** AVAILABLE DATA follows **

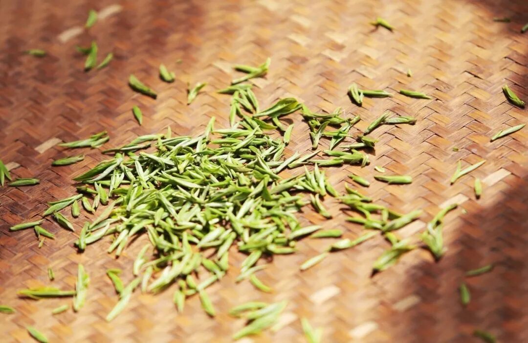 連綿的春雨停歇了,為春茶頭芽的生長注入了鮮活。在陽光的回溫下,茶園慢慢變綠了,每年清明節(jié)前半個月左右,就是采茶工最忙的時候。采茶要有技術,以一芽一葉為標準,用食指、大拇指夾注嫩莖,輕輕一提,將芽葉采下,大小一致,炒出來的茶葉品相越好。
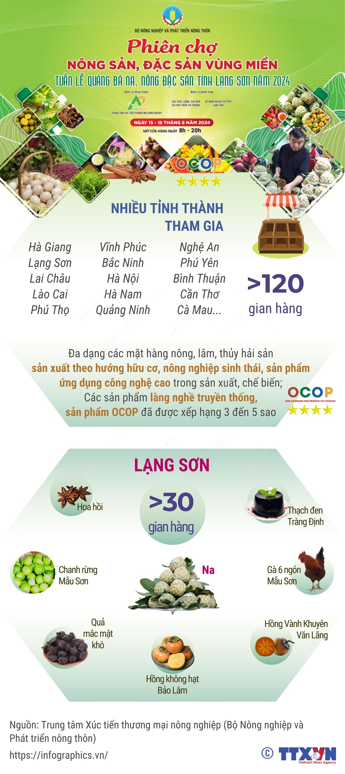 Tiếp nối thành công “Phiên chợ nông sản, đặc sản vùng miền” được tổ chức tháng 6/2024, Trung tâm Xúc tiến thương mại Nông nghiệp phối hợp với các đơn vị liên quan tổ chức Phiên 2 với chủ đề “Phiên chợ nông sản, đặc sản vùng miền; Tuần lễ quảng bá Na, nông đặc sản tỉnh Lạng Sơn năm 2024 tại Hà Nội năm 2024”.
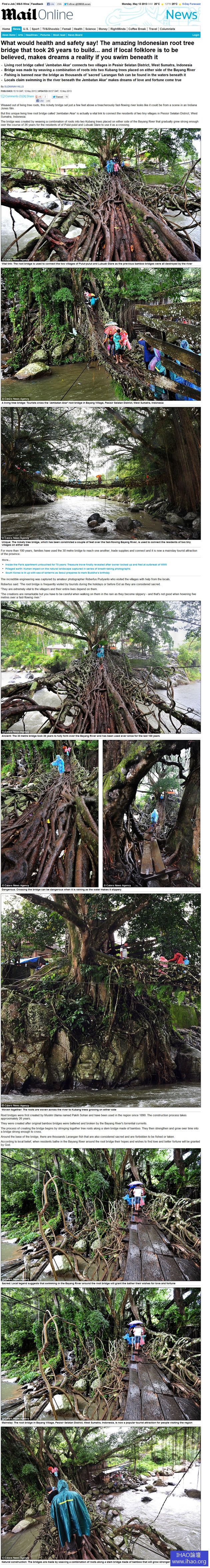 英國「每日郵報」(Daily Mail)報導,位於柏希希爾行政區這座渾然天成的木橋是由巴揚河(BayangRiver)兩岸大樹的樹根交織而成,離水流湍急的河面僅數公尺。
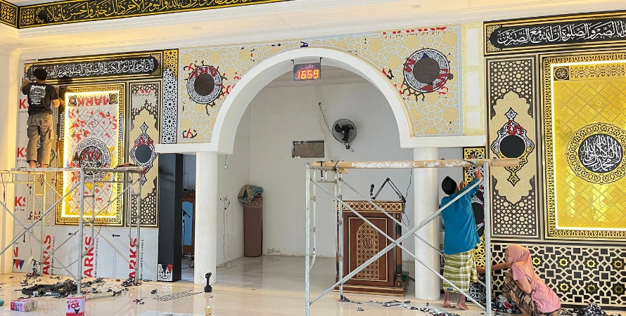Kami menyediakan layanan pembuatan kaligrafi dan ornamen masjid dengan berbagai pilihan material dan desain, disesuaikan dengan konsep bangunan dan kebutuhan pengurus masjid.
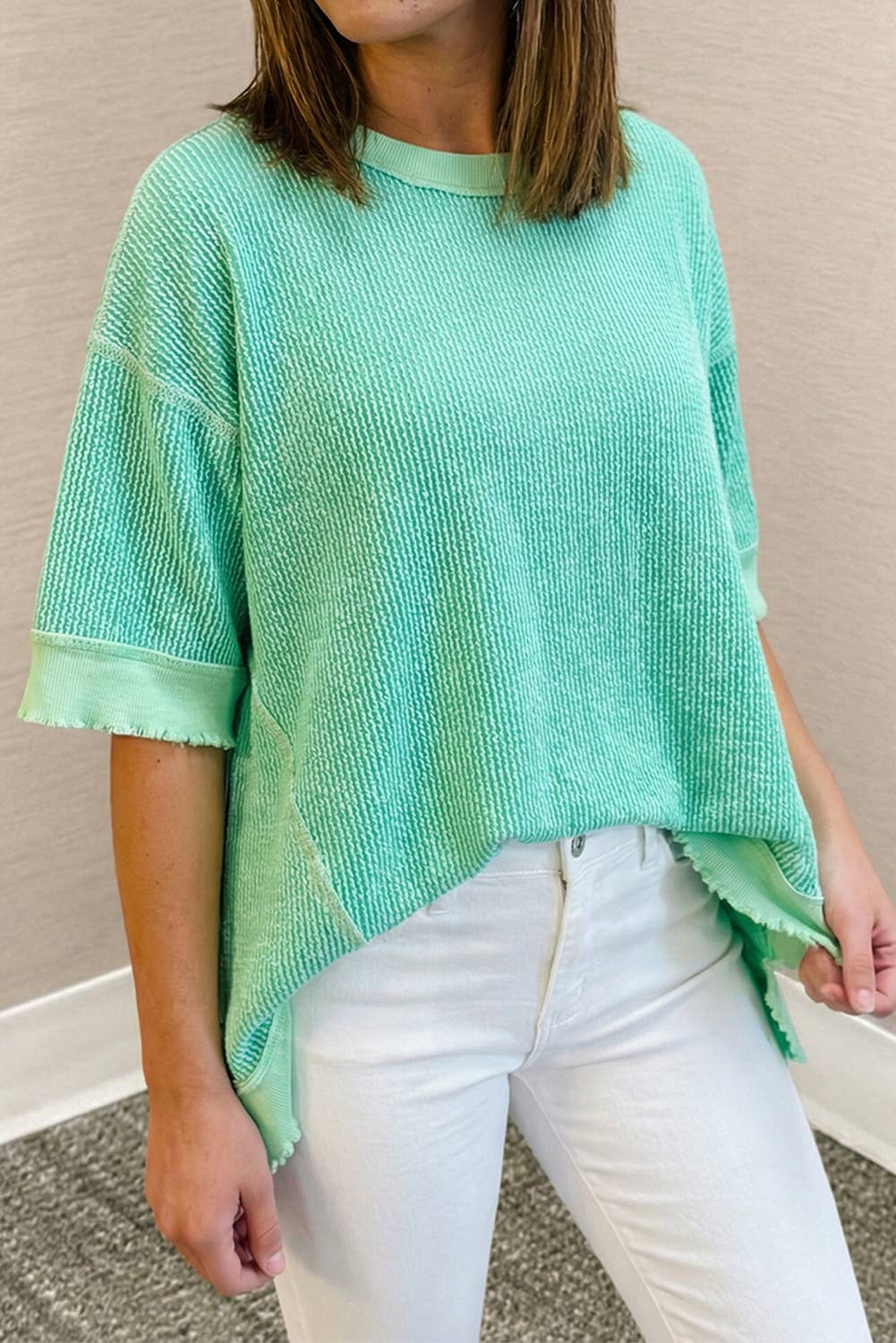 ***Image usage is allowed to the buyers who purchase from us via Faire only. SI-26247 Back Patch Crinkle Washed Raglan Sleeve Tshirts - ACID WASH - ARC HEM - EXPOSED SEAM * Each item is unique, expect variations in color and finishing TOTAL BODY LENGTH: 25.5", BUST: 42" approx.- MEASURED FROM SMALL Material: 100% COTTON BrandBestseller

** End of AVAILABLE DATA **

Quote everything in the listing above exactly; pictures are the only thing to omit.

RESPONSE TO THIS TASK:
 連綿的春雨停歇了,為春茶頭芽的生長注入了鮮活。在陽光的回溫下,茶園慢慢變綠了,每年清明節(jié)前半個月左右,就是采茶工最忙的時候。采茶要有技術,以一芽一葉為標準,用食指、大拇指夾注嫩莖,輕輕一提,將芽葉采下,大小一致,炒出來的茶葉品相越好。
 Tiếp nối thành công “Phiên chợ nông sản, đặc sản vùng miền” được tổ chức tháng 6/2024, Trung tâm Xúc tiến thương mại Nông nghiệp phối hợp với các đơn vị liên quan tổ chức Phiên 2 với chủ đề “Phiên chợ nông sản, đặc sản vùng miền; Tuần lễ quảng bá Na, nông đặc sản tỉnh Lạng Sơn năm 2024 tại Hà Nội năm 2024”.
 英國「每日郵報」(Daily Mail)報導,位於柏希希爾行政區這座渾然天成的木橋是由巴揚河(BayangRiver)兩岸大樹的樹根交織而成,離水流湍急的河面僅數公尺。
Kami menyediakan layanan pembuatan kaligrafi dan ornamen masjid dengan berbagai pilihan material dan desain, disesuaikan dengan konsep bangunan dan kebutuhan pengurus masjid.
 ***Image usage is allowed to the buyers who purchase from us via Faire only. SI-26247 Back Patch Crinkle Washed Raglan Sleeve Tshirts - ACID WASH - ARC HEM - EXPOSED SEAM * Each item is unique, expect variations in color and finishing TOTAL BODY LENGTH: 25.5", BUST: 42" approx.- MEASURED FROM SMALL Material: 100% COTTON BrandBestseller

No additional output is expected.